Collected data entries:
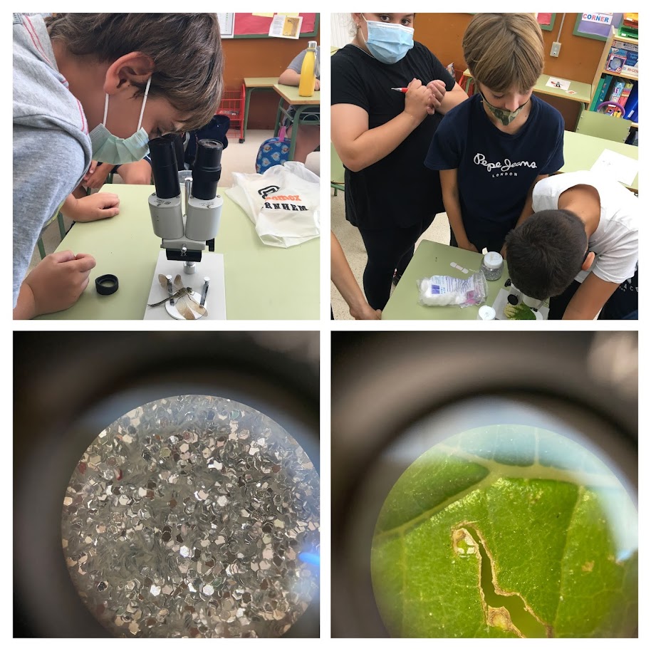 - Treball amb el microscopi: Cadascú de la classe havia de triar i fer la hipòtesi del què creu que observarà amb el microscopi, entre les opcions hi havia: brutícia d’on surt aigua aixeta, bombolles de coca-cola o bicarbonat amb vinagre, fang del carrer, purpurina, tovalloleta, plantes, un dibuix del mòbil, fregall de netejar plats (net i brut), una tireta, un paper trencat… i un triat pel propi alumne.
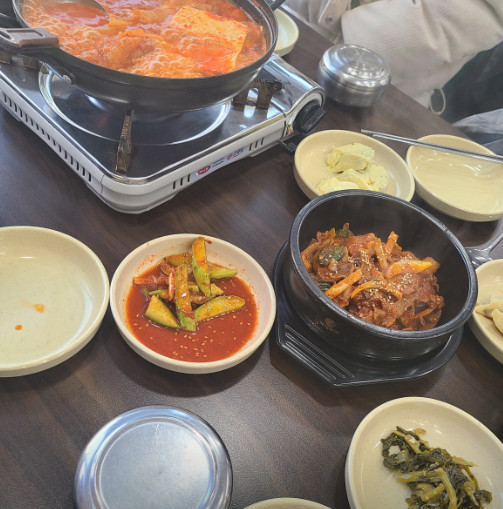 김치찌개 국물이 깊고 칼칼해서 계속 먹게 됩니다. 생고기가 신선해서 씹을 때마다 고소한 맛이 납니다.
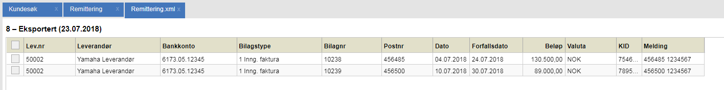 Viser de postene som var med i den aktuelle kjøringen. Kan være nyttig for å sjekke hvilke poster som ble overført til banken på en gitt dato.
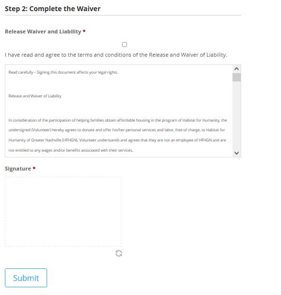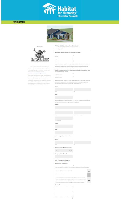 This page is where volunteers sign up for their chosen volunteer date(s) and sign the waiver.
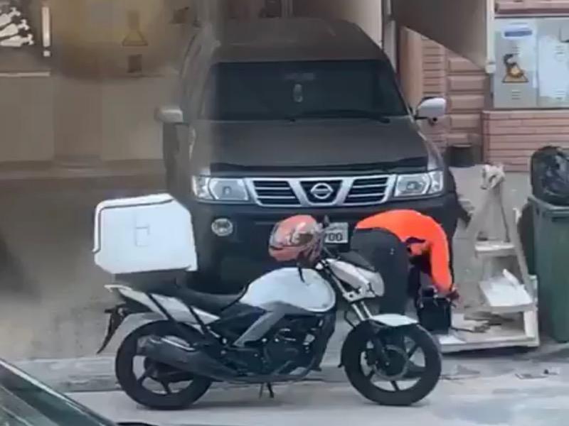 ضبط عامل توصيل تعبث بالقمامة وطعام عميل أثناء توصيله الطلب
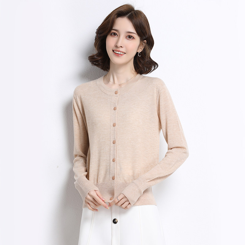 Goat Sweatshirt Woman Cardiovert 100 Pure Wool Lady Knit Jacket Autumn Dress Round Collar Long Sleeve Foreign Wear Small Shawl Outside
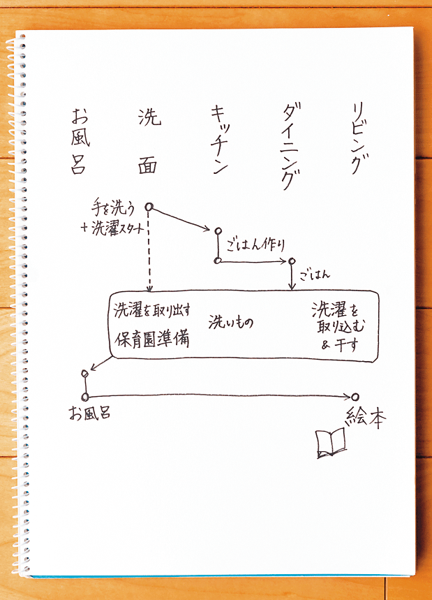 帰宅後のスケジュールを洗面室、キッチン、リビングなど部屋ごとに時系列で書き出し、動線を"見える化"。ムダな動きを洗い出し、効率的な手順を思案した。「洗濯開始は前倒し、洗濯もの干しや昨夜の洗濯もののとりこみ、洗いものはまとめてすませることに。仕事でも実践中の"減らす・まとめる・順序の変更・簡略化"を心がけました」
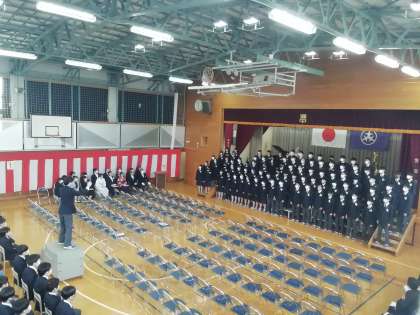3月19日(火)第75回卒業証書授与式を執り行いました。「卒業の言葉」では3名の代表生徒が3年間の様々な気持ちを思い出にのせて語り、「卒業の歌」では3年間の思いを込めて歌いました。とても立派な姿でした。
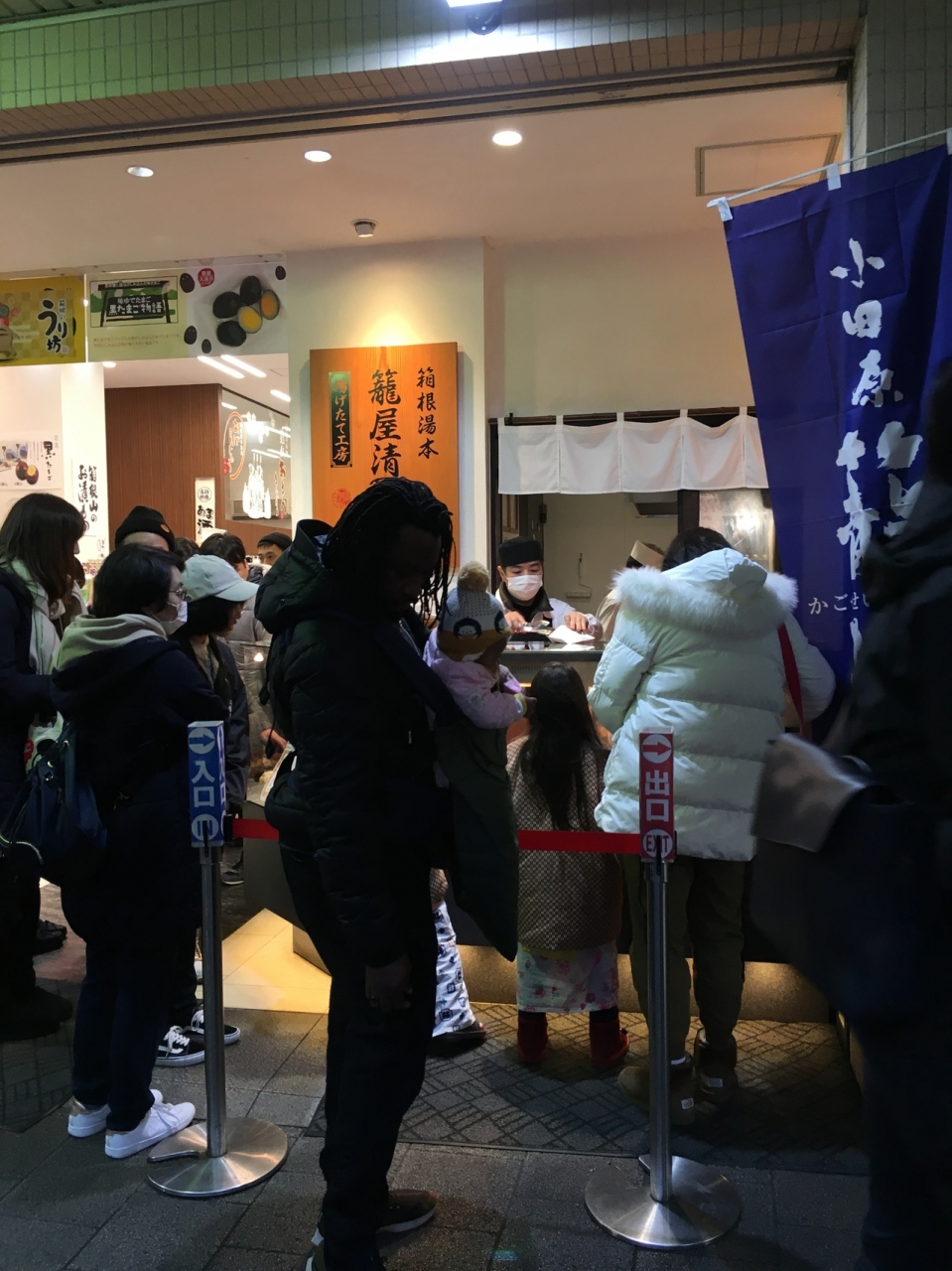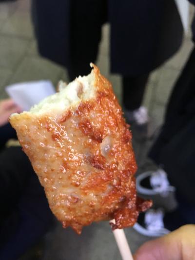 家族で日帰り温泉に行くついでに湯本駅前を散策。とてもイイ匂いのする方に誘われて列にならびました。約30人くらいでしょうか。オーダーして揚げるシステムでないので自分の番になった時に品切れもあります。カニとイワシにしました。写真はイワシ。カニは丸に近いかたち(ふわふわ)。アツアツでどちらも美味しかったです。その場で食べる観光客(外国人も多数)が多いので店前はいつも混雑してますよ。

EXERCISE REQUIREMENTS:
Reproduce exactly, and only, the lines from the one holding "Viser de postene" through the final line of the entries. Do not include the pictures.

ANSWER FOR THIS EXERCISE:
 Viser de postene som var med i den aktuelle kjøringen. Kan være nyttig for å sjekke hvilke poster som ble overført til banken på en gitt dato.
 This page is where volunteers sign up for their chosen volunteer date(s) and sign the waiver.
 ضبط عامل توصيل تعبث بالقمامة وطعام عميل أثناء توصيله الطلب
 Goat Sweatshirt Woman Cardiovert 100 Pure Wool Lady Knit Jacket Autumn Dress Round Collar Long Sleeve Foreign Wear Small Shawl Outside
 帰宅後のスケジュールを洗面室、キッチン、リビングなど部屋ごとに時系列で書き出し、動線を"見える化"。ムダな動きを洗い出し、効率的な手順を思案した。「洗濯開始は前倒し、洗濯もの干しや昨夜の洗濯もののとりこみ、洗いものはまとめてすませることに。仕事でも実践中の"減らす・まとめる・順序の変更・簡略化"を心がけました」
3月19日(火)第75回卒業証書授与式を執り行いました。「卒業の言葉」では3名の代表生徒が3年間の様々な気持ちを思い出にのせて語り、「卒業の歌」では3年間の思いを込めて歌いました。とても立派な姿でした。
 家族で日帰り温泉に行くついでに湯本駅前を散策。とてもイイ匂いのする方に誘われて列にならびました。約30人くらいでしょうか。オーダーして揚げるシステムでないので自分の番になった時に品切れもあります。カニとイワシにしました。写真はイワシ。カニは丸に近いかたち(ふわふわ)。アツアツでどちらも美味しかったです。その場で食べる観光客(外国人も多数)が多いので店前はいつも混雑してますよ。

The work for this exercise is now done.